So about life in Sacsa- things are pretty calm in a town of perhaps 500 people, and my main responsibilities right now involve smiling and saying "buenos dias" to everyone and trying to remember names and faces. I spend a lot of time hanging out at the kitchen table, which is in an open-air patio in my adobe house, talking to my host parents and my two little host sisters, who are 5 and 3 and love to chat. They have been a big help in introducing me to the kids in town, and now I can't even walk out the front door without some kid yelling my name from down the street. I also read in the plaza a lot, just trying to get myself out there. If there's one thing I have learned in the past two weeks, it is that you never know what will happen once you set foot outside. On Thursday, for example, I took the ten minute hike out to the hilltop where I get cell phone reception, thinking I would just make a quick call and then walk to Erica's house for a relaxing evening with her host family. Instead, I walked past the school and ended up getting pulled into the primary school's graduation party and sitting with a family I had never met and then eating soup and guinea pig at a table with the 12-yr-old graduates in front of the entire gathering. I am really bad at eating guinea pig. There is definitely an art to it that I have NOT mastered. Something to work on in order to fit in better, I guess.

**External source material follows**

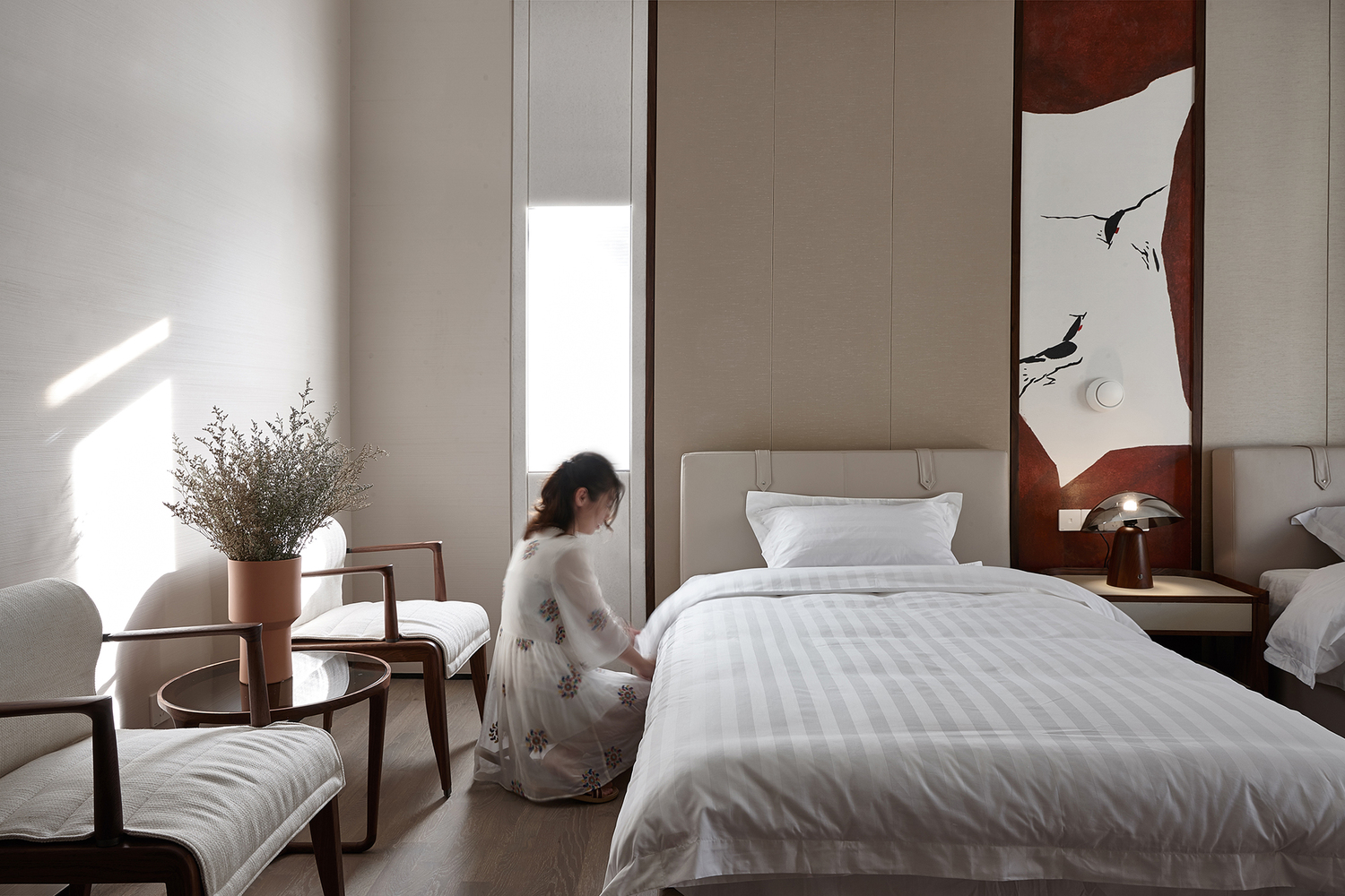 三樓部分,整層為主人區域,樓梯上端開了一個天井窗,讓充足的陽光可以灑下來,主臥區域通過設計成幾扇屏風式開門,讓打開的時候與開放書房區域可以共通,業主喜歡閱讀,有大量書籍收藏,整個設計成陣列式的藏書方式。書房分為閱讀區與和室區域,讓人在其中可以選擇不同的場景方式,閱讀、品茶與休息。這不乏是一種舒適的生活方式。

My first three months in site will be dedicated to these sorts of awkward activities- meeting the important figures in town, starting to develop relationships with the various organizations with which I hope to work, and just figuring out how to survive in general. So far, so good. The people of Sacsa have been so friendly (an older woman approached me in the plaza to give me cookies and I could have cried I felt so welcomed) and the landscape is absolutely stunning. On a clear day, I can see the tips of six snow-capped mountains from my cell phone rock.

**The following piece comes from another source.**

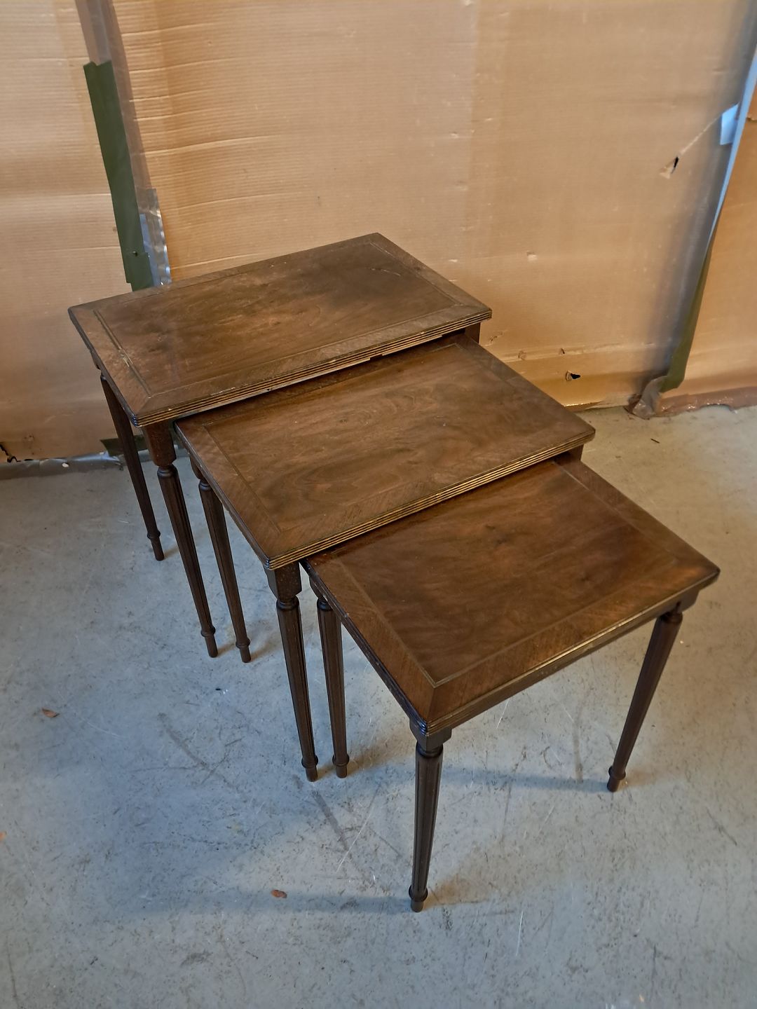 3 Indskudsborde i fineret mahogni, fra 1980erne.

Me talking on the phone with the nevados in the background.
And with my neighbor, Erica, taking advantage of the cell reception.
And with my neighbor, Erica, taking advantage of the cell reception.

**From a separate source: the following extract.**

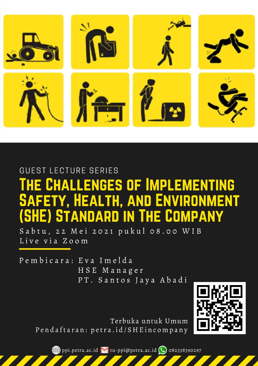 Fakultas Teknologi Industri Universitas Kristen Petra Surabaya, pada tanggal 22 Mei 2021 pukul 08.00 WIB mengadakan acara guest lecture series dengan topik "The challenges of implementing safety, health, and environment (SHE) standard in the company". Dengan narasumber Eva Imelda dari PT Santos Jaya Abadi, dilaksanakan secara online memalui aplikasi Zoom.

I will also need to start learning Quechua, since most of the adults in my town converse with one another in the Andean tongue, and I would like to know exactly what people are saying about me when they converse with each other in Quechua, glancing at me and throwing in key spanish phrases like "cuerpo de paz" and "estados unidos." But one step at a time.
3 comments:
I have a feeling that I too will need to learn to eat guinea pig so please be ready to teach me when I visit. Can hardly wait. Love you, Sue
SO excited for a new Callie Bear post. Glad to hear about how things are going - and happy to receive a fun piece of mail last week! Hope yours has found its way to you, too. Love you lots - more about guinea pigs in next post, please.
Heart shape,
Lindsay
Happy New Year Callie. I think of New Years Eve last year and where you all are this year-incredible. I wish you all the best in 2009.